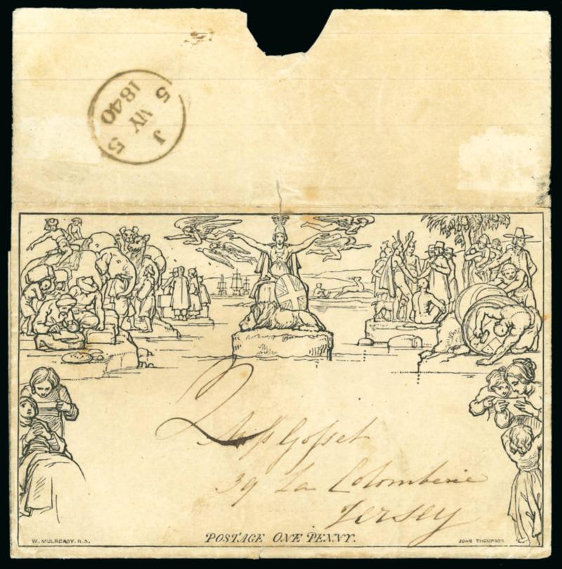 1840 (May 5) Mulready 1d lettersheet, stereo A34, sent to Jersey with ‘’2’’ in manuscript in black for postage due as the Mulready was not yet valid for postage, a fine backstamp of ‘’5 MY 1840’’ which displays nicely on top backflap, a great rarity, this being the only known pre May 6th usage sent
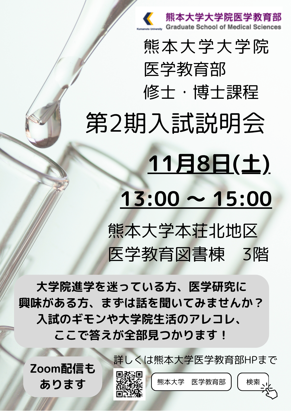 熊本大学大学院医学教育部の入試説明会を開催します。
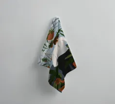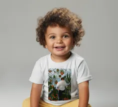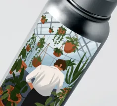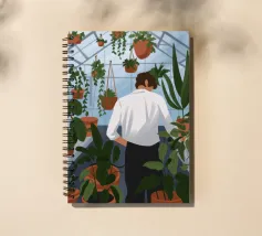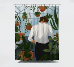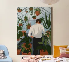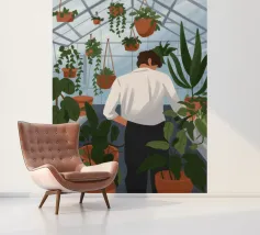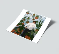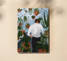 Questa opera d'arte mostra una persona che ammira file di piante in vaso in una serra. Lo spazio luminoso e organizzato enfatizza la bellezza del verde vivace.
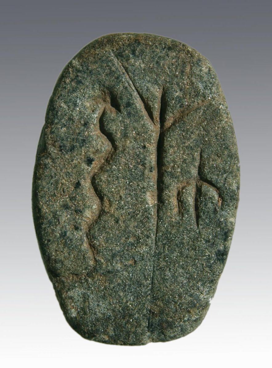 A 11,000-year-old small stone plaque, from Göbekli Tepe in Turkey, depicting from the left to the right: a snake moving upwards, a stylized human figure (?) with raised arms, and a bird [884×1196]
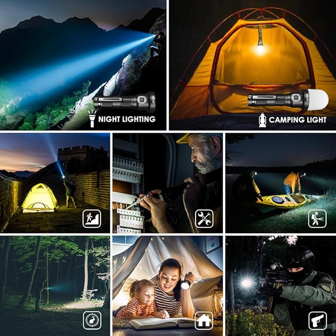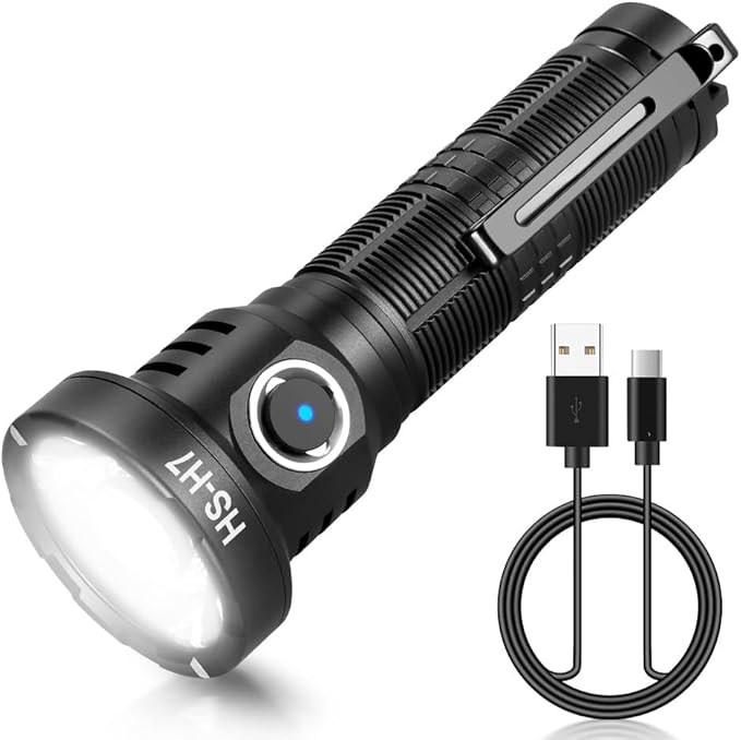 • 【USB-C Rechargeable Flashlight】The rechargeable flashlight has a built-in rechargeable battery, no need to replace the battery frequently, and the USB-C interface is convenient for charging.it can work for up to 7 hours. Advanced Temperature Regulation Technology (ATR) when the temperature exceeds 45 degrees the brightness automatically drops to medium light.
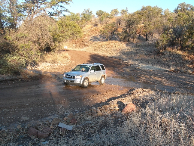 We next drove through Phoenix and then north to Agua Fria NM. We had little information about this Bureau of Land Management (BLM) National Monument. According to the internet description – “it is an expansive mosaic of semi-desert, cut by ribbons of valuable riparian forest and offers one of the most significant systems of prehistoric sites in the American Southwest.” Our objective was to get to the Pueblo la Plata archeological site and back before dark. The first part of the Bloody Basin dirt road was rough but then we forded the Agua Fria River on to an unmaintained road. Even though we had a small SUV, it was only two wheel drive and this road was a real challenge.
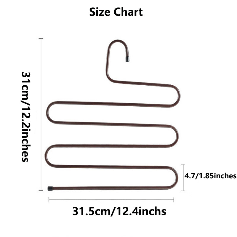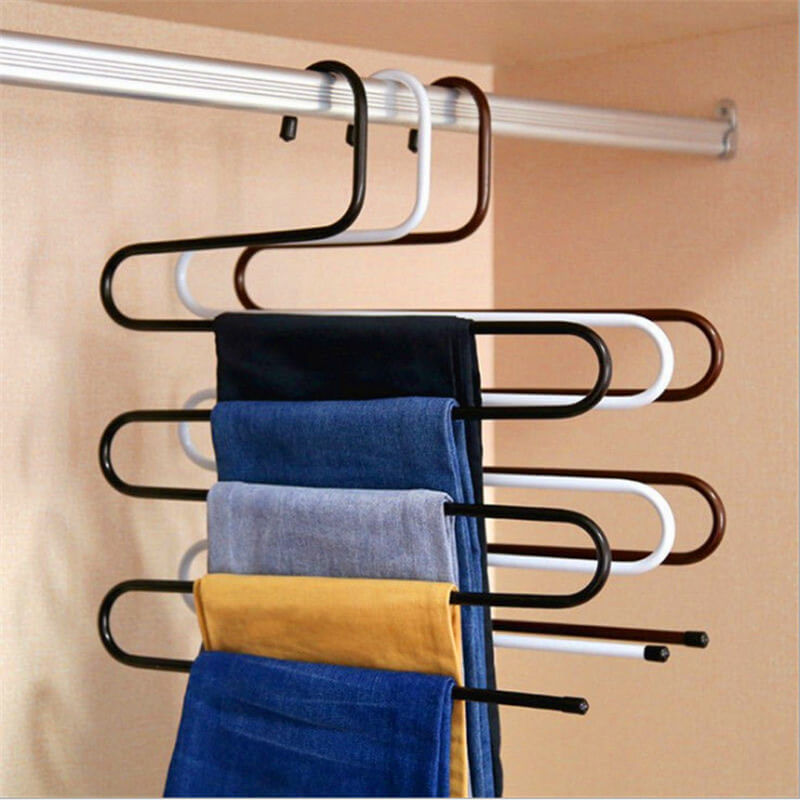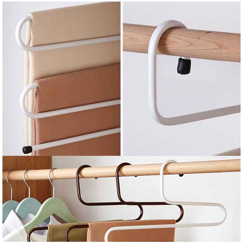 Great Space Saver: The S-type pants hanger with 5 tiers can save your closet space much, easy to keep your closet clean and neat by using it.Each hanger can hold up 5 pants at the same time.
━━━━━━━━━━
→ Exercise directions: Output the listing exactly. Leave out any image.

→ Answer to this exercise:
 1840 (May 5) Mulready 1d lettersheet, stereo A34, sent to Jersey with ‘’2’’ in manuscript in black for postage due as the Mulready was not yet valid for postage, a fine backstamp of ‘’5 MY 1840’’ which displays nicely on top backflap, a great rarity, this being the only known pre May 6th usage sent
 熊本大学大学院医学教育部の入試説明会を開催します。
 Questa opera d'arte mostra una persona che ammira file di piante in vaso in una serra. Lo spazio luminoso e organizzato enfatizza la bellezza del verde vivace.
 A 11,000-year-old small stone plaque, from Göbekli Tepe in Turkey, depicting from the left to the right: a snake moving upwards, a stylized human figure (?) with raised arms, and a bird [884×1196]
 • 【USB-C Rechargeable Flashlight】The rechargeable flashlight has a built-in rechargeable battery, no need to replace the battery frequently, and the USB-C interface is convenient for charging.it can work for up to 7 hours. Advanced Temperature Regulation Technology (ATR) when the temperature exceeds 45 degrees the brightness automatically drops to medium light.
 We next drove through Phoenix and then north to Agua Fria NM. We had little information about this Bureau of Land Management (BLM) National Monument. According to the internet description – “it is an expansive mosaic of semi-desert, cut by ribbons of valuable riparian forest and offers one of the most significant systems of prehistoric sites in the American Southwest.” Our objective was to get to the Pueblo la Plata archeological site and back before dark. The first part of the Bloody Basin dirt road was rough but then we forded the Agua Fria River on to an unmaintained road. Even though we had a small SUV, it was only two wheel drive and this road was a real challenge.
 Great Space Saver: The S-type pants hanger with 5 tiers can save your closet space much, easy to keep your closet clean and neat by using it.Each hanger can hold up 5 pants at the same time.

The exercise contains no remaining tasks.